Earlier this month, 30 House Republicans sent a letter to President Bush calling on him to appoint a replacement for Powell who would crack down on smut. "The next FCC chairman will oversee an important time in our nation's history, and they must be ready to aggressively enforce the laws that Congress has passed," read the letter. "We must not let immorality become normalized, nor federal laws ignored."

One favoured candidate for the chairmanship is current FCC commissioner Kevin J. Martin, who supported the increased fines, and has been urging broadcasters to adopt a voluntary Public Interest Code of Conduct that would see them turn the first hour of prime time over to family programming.

Writers, actors and producers say all of this activity is making them very nervous about government control. Wednesday's vote "was a tragedy for creative artists," says Jonathan Rintels, a screenwriter and the head of the Center for Creative Voices in Media, which works against media consolidation.

"All of these really are civil-rights issues," contends John Frohnmayer, a former Republican who was pilloried from both the left and right when he headed the NEA from 1989-92, where he famously reversed the grants of four performance artists who specialized in cutting-edge, gay-oriented material. "Decency within a family-values context is a terribly oppressive notion. It says: You can only think the way I think, you can only act the way I act." Adds Frohnmayer, "If you can't tolerate differences, that's not good for society, and it's certainly contrary to the First Amendment."

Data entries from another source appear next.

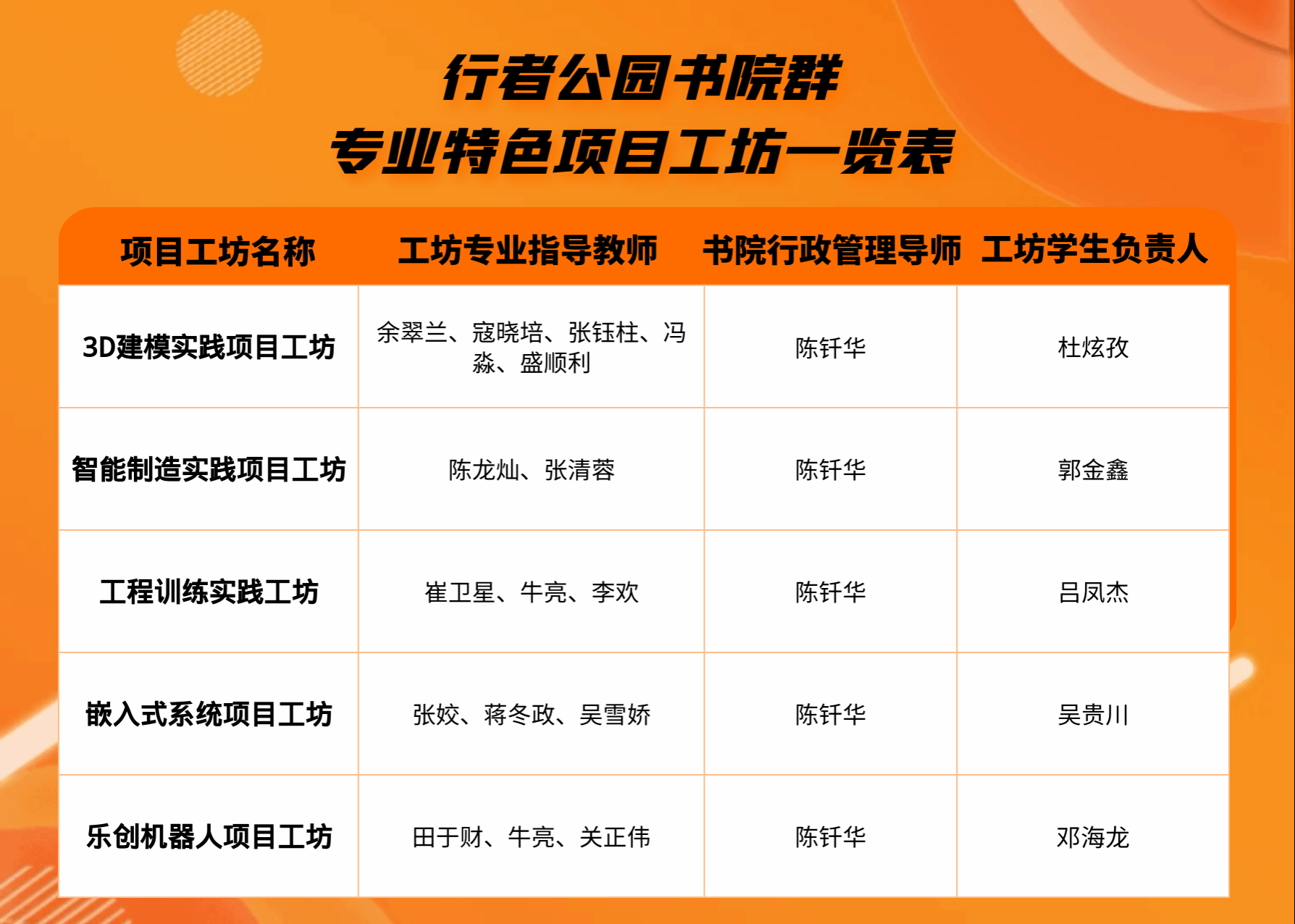 合抱之木,生于毫末;九层之台,起于累土。未来的日子里,行者公园书院群将持续立足专业集中式书院的定位和“培养智能时代的新型工程师”这一育人愿景,按照既定的目标和规划,继续不断完善和丰富5个项目工坊的运行机制和管理模式,落实书院育人的载体功能,与智能工程学院继续打好协同育人的“融合拳”,更好地服务书院群学子成长成才。
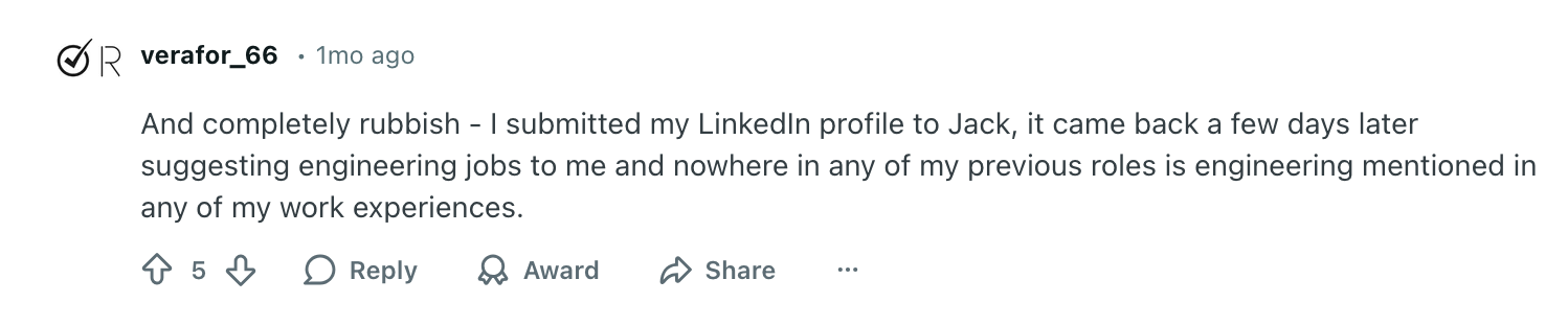 This review points to a serious personalization issue. Recommending engineering roles to someone in an entirely different field raises concerns about how effectively the chatbot interprets profiles and matches candidates to suitable jobs. Although, as the previous review said, we hope this can be improved in the future.
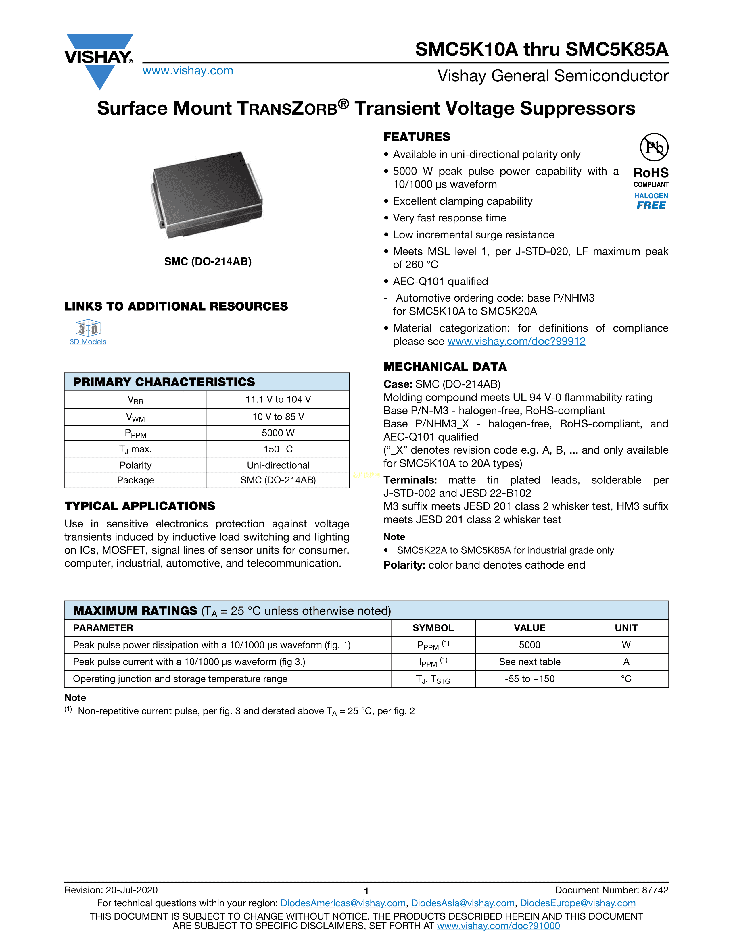 SMC5K17A-M3-H数据手册DO-214AB(SMCJ)封装VISHAY(威世)PDF规格书,
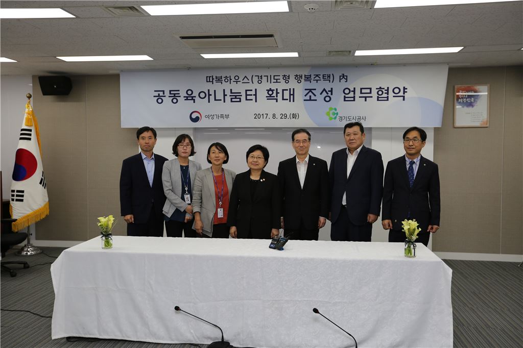 김용학 경기도시공사 사장(오른쪽 세번째)과 정현백 여성가족부장관(중앙)이 공동육아나눔터 확대 조성 협약을 체결한 뒤 기념사진을 찍고 있다.
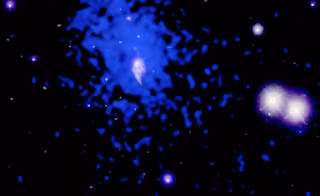 El cúmulo de galaxias (blanco/violeta) y su atmósfera gaseosa caliente (azul) - UNIV. OF BOLOGNA/F.UBERTOSI
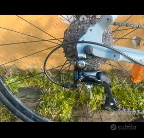 Vendo triban RC120 usata quasi solamente per andare a lavoro ogni tanto. Taglia L Comprata ad agosto 2024 La vendo con i pedali originali flat. Microshift 2X8 Gomme seminuove terreno dry all’anteriore e riverside al posteriore Presenta alcune macchie di sporco che probabilmente possono essere tolte con un detergente specifico. È una bici da corsa ma che può tranquillamente essere usata per gravel leggero
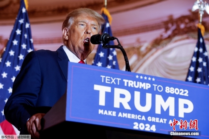 当地时间2022年11月15日,美国前总统特朗普在佛罗里达州海湖庄园发表演讲,正式宣布将参加2024年美国总统大选。据美媒报道,特朗普已正式提交文件加入2024年总统竞选。这是特朗普第三次发起美国总统竞选活动。

In fact, the First Amendment may have the last word on the matter. No broadcaster has ever offered a meaningful court challenge to the indecency regulations, since TV and radio-station owners fear retribution from the FCC, which has the power to deny licence renewals. But if a broadcaster is slapped with a $500,000 fine under the new guidelines — or a series of them for a single violation, if the FCC deems each network-owned station subject to the penalty, as it did with CBS's Super Bowl fiasco — that broadcaster will have much more incentive to take the case to court instead of merely opening its chequebook.

And First Amendment advocates predict a challenge by a broadcaster could lead to all of the laws governing indecency to be struck down as unconstitutional.

Even if they're not, the attacks won't crush creativity in the United States. There are still many venues beyond the control of social critics. Take Broadway, for instance. When Frohnmayer left the NEA, he wrote a book entitled Leaving Town Alive that chronicled his stormy tenure at the agency. This week, he said he's working to adapt it into a stage musical.